[Stored items from a collection]
>>

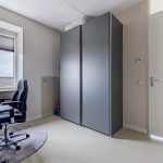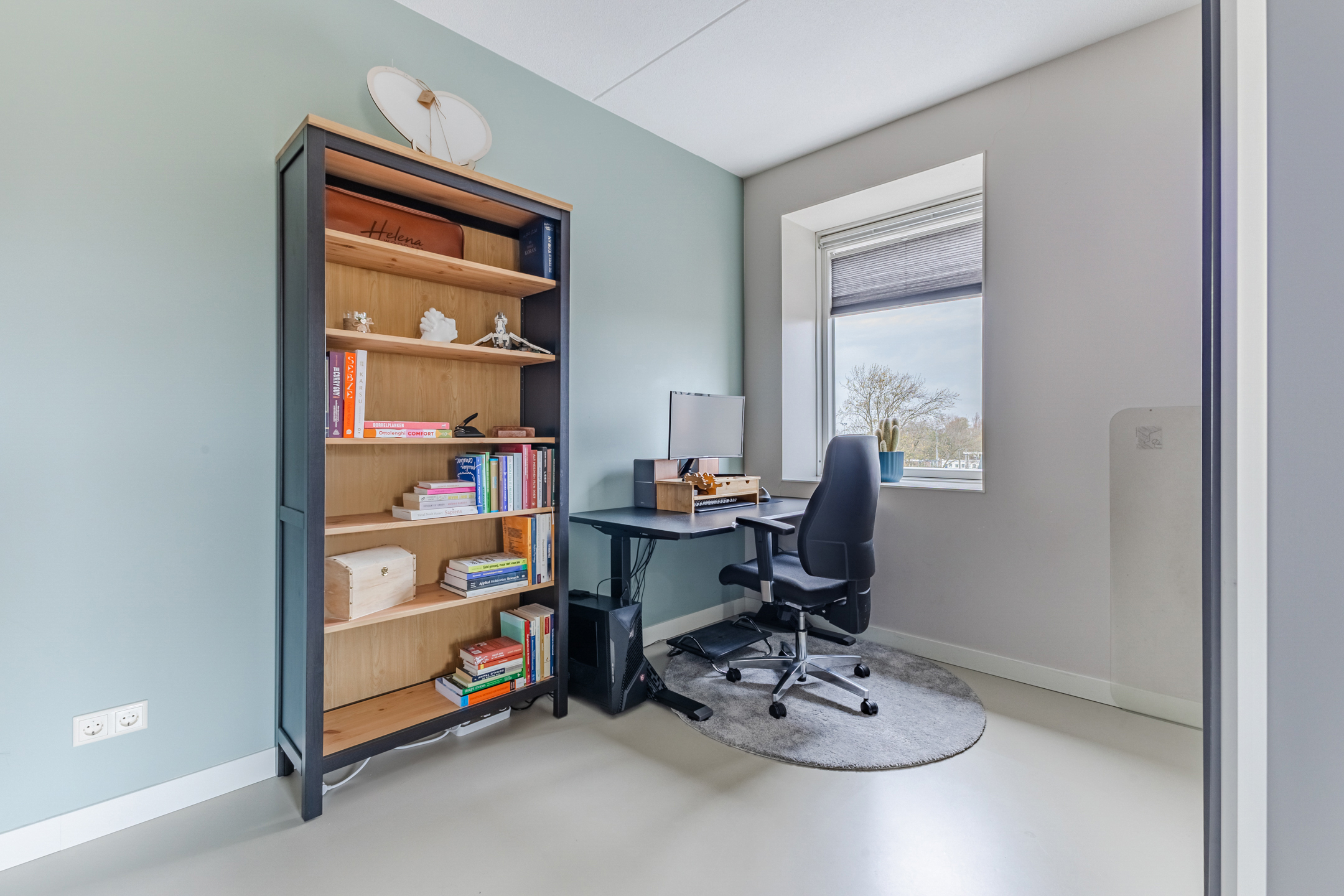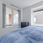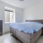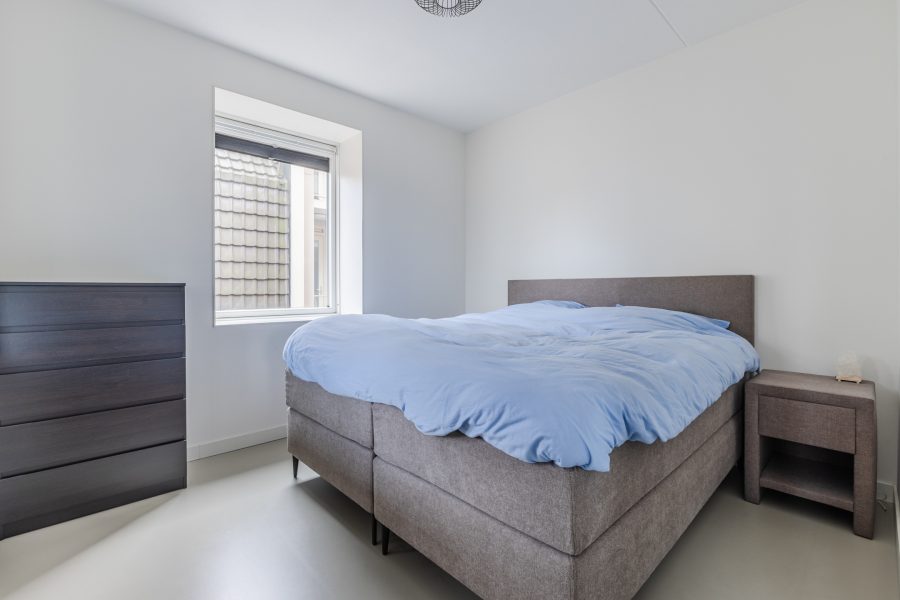 The open kitchen is in a corner unit and has a beautiful design with gray-blue kitchen cabinets and a dark countertop. Here you will find a dishwasher (2024), gas stove, extractor hood, oven and refrigerator. There are two bedrooms in the apartment, one at the front and one at the back. Both rooms are spacious, neatly finished and wonderfully light.
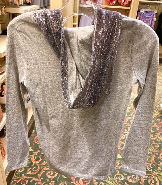 This Heather Gray Sequin Hooded Shirt for $49.99 seems pretty tame on the front with the Walt Disney World logo on it.
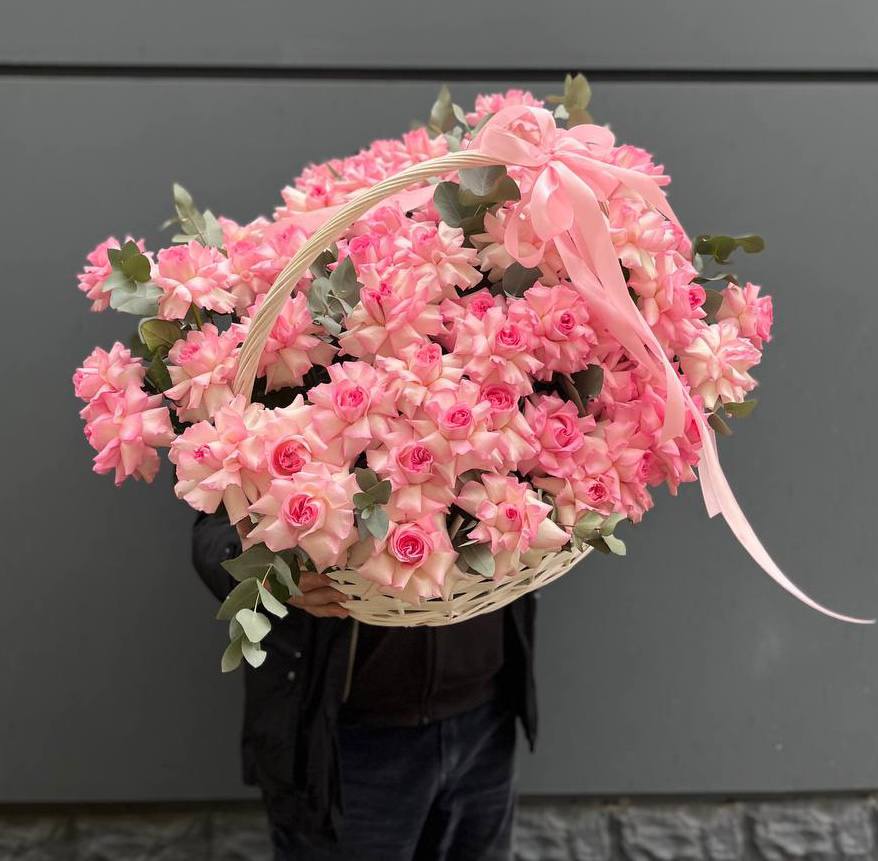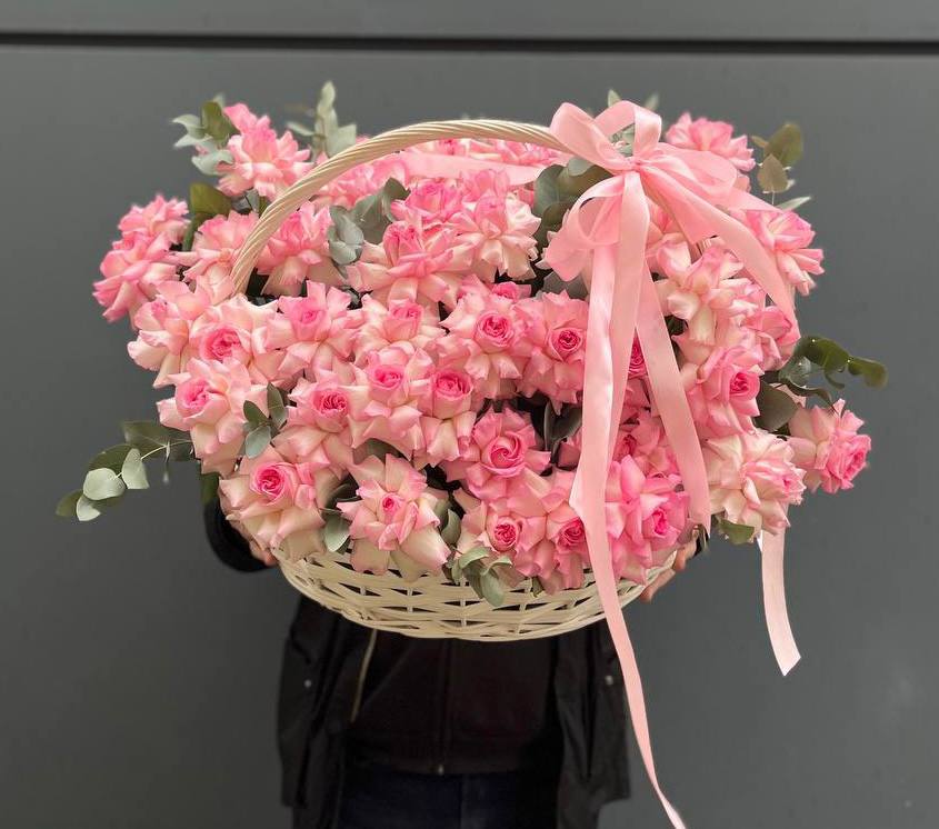 розы, эустома, гортензия, бомбастик, маттиола ( или аналог), эвкалипт, корзина.
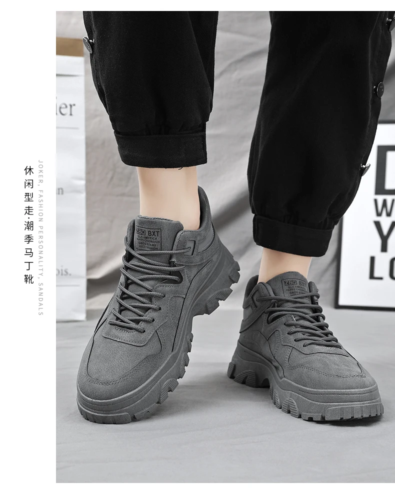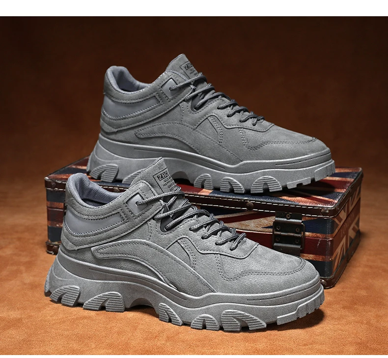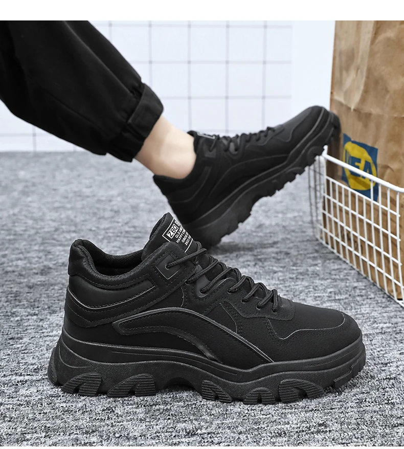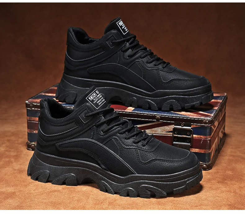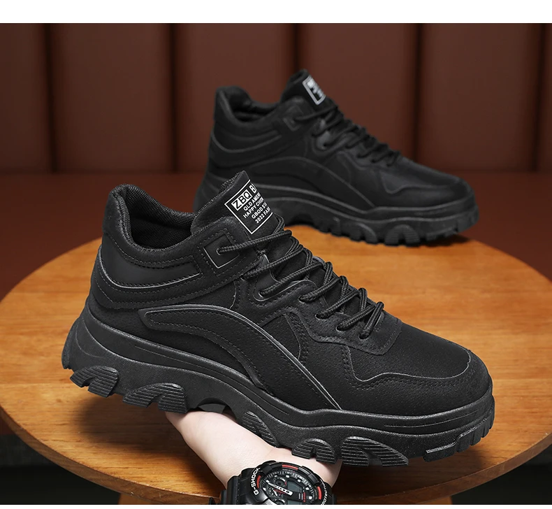 New men's waterproof casual sports shoes high top light lace-up solid color student men's shoes walking loafers
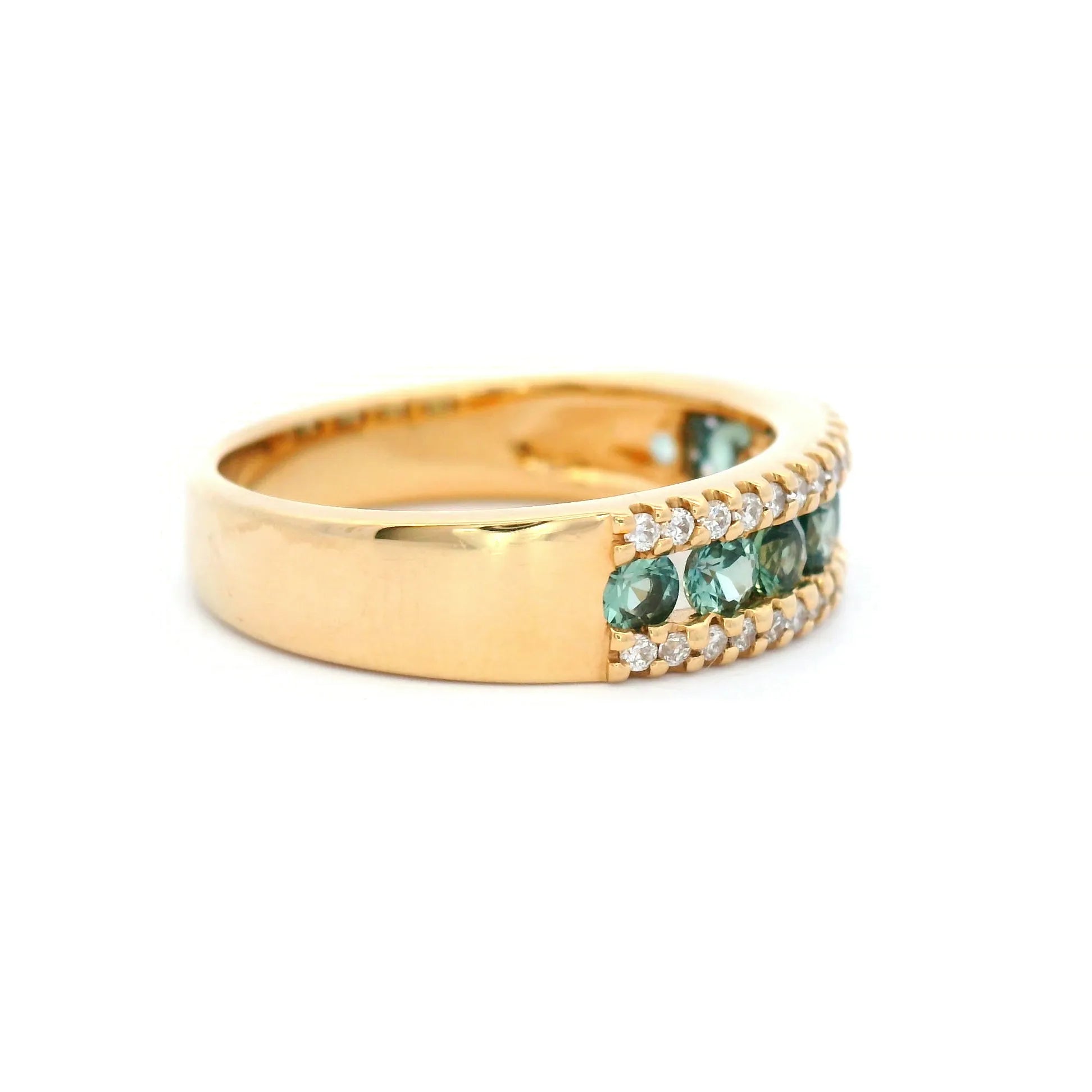 A magnificent and stunning statement piece, Mazarine features glistening round cut Teal Australian Sapphires, perfectly framed by rows of natural White Diamonds. Set on an 18ct Yellow Gold band, making it a durable and long lasting piece, perfect for a sentimental heirloom.
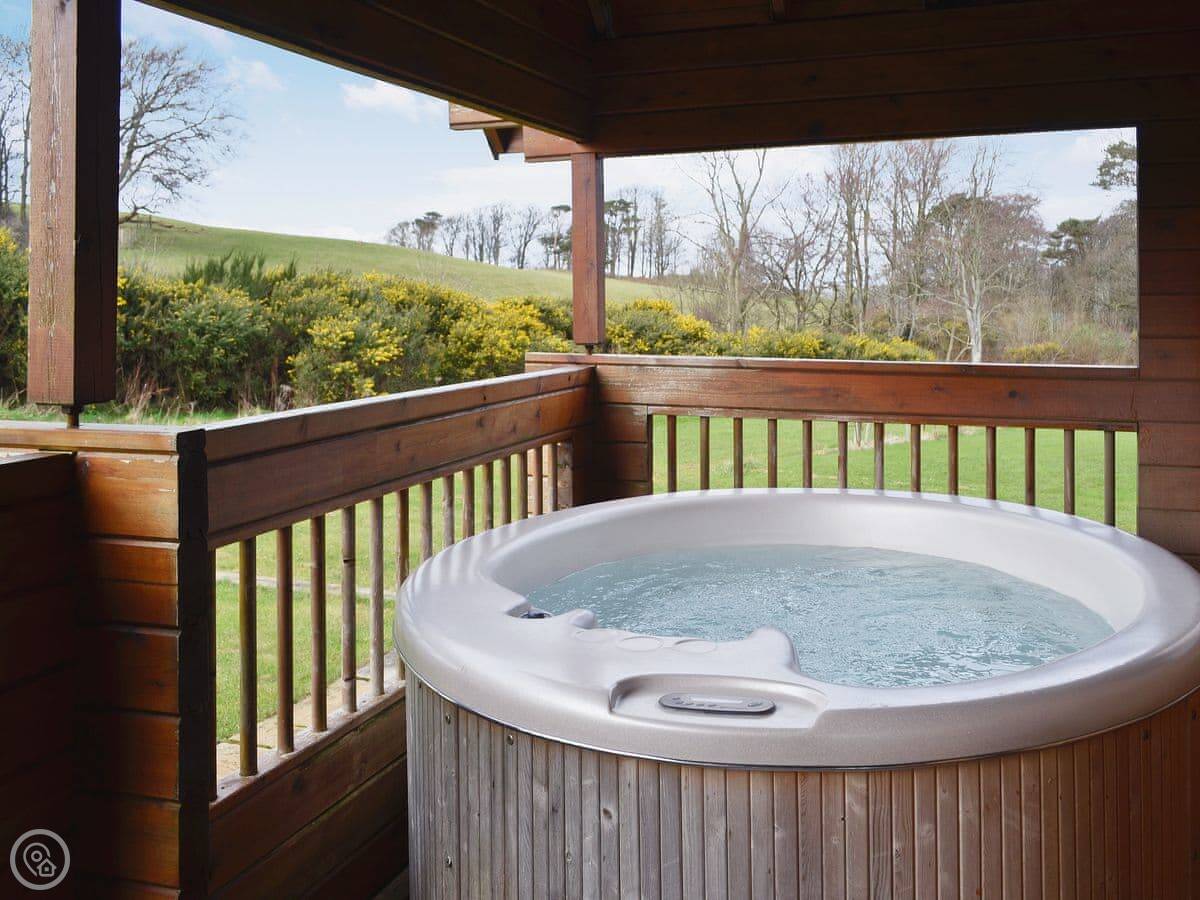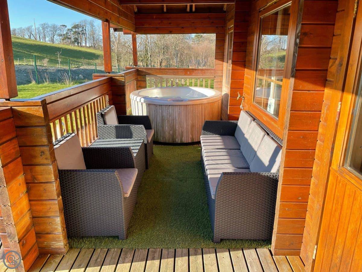 This is Sun Rise Lodge No 10, in Llanbedr. It's a modern, single-storey lodge in a quiet, private park of similar properties. It's detached, so no shared walls. You've got your own patio and garden area, and the hot tub is right out there.

<<

WHAT IS REQUIRED >>
Leaving every picture aside, reproduce exactly the lines above from the one with "розы, эустома, гортензия, бомбастик, маттиола" up to and including the one with "A magnificent and", and no others.

PROBLEM SOLUTION >>
 розы, эустома, гортензия, бомбастик, маттиола ( или аналог), эвкалипт, корзина.
 New men's waterproof casual sports shoes high top light lace-up solid color student men's shoes walking loafers
 A magnificent and stunning statement piece, Mazarine features glistening round cut Teal Australian Sapphires, perfectly framed by rows of natural White Diamonds. Set on an 18ct Yellow Gold band, making it a durable and long lasting piece, perfect for a sentimental heirloom.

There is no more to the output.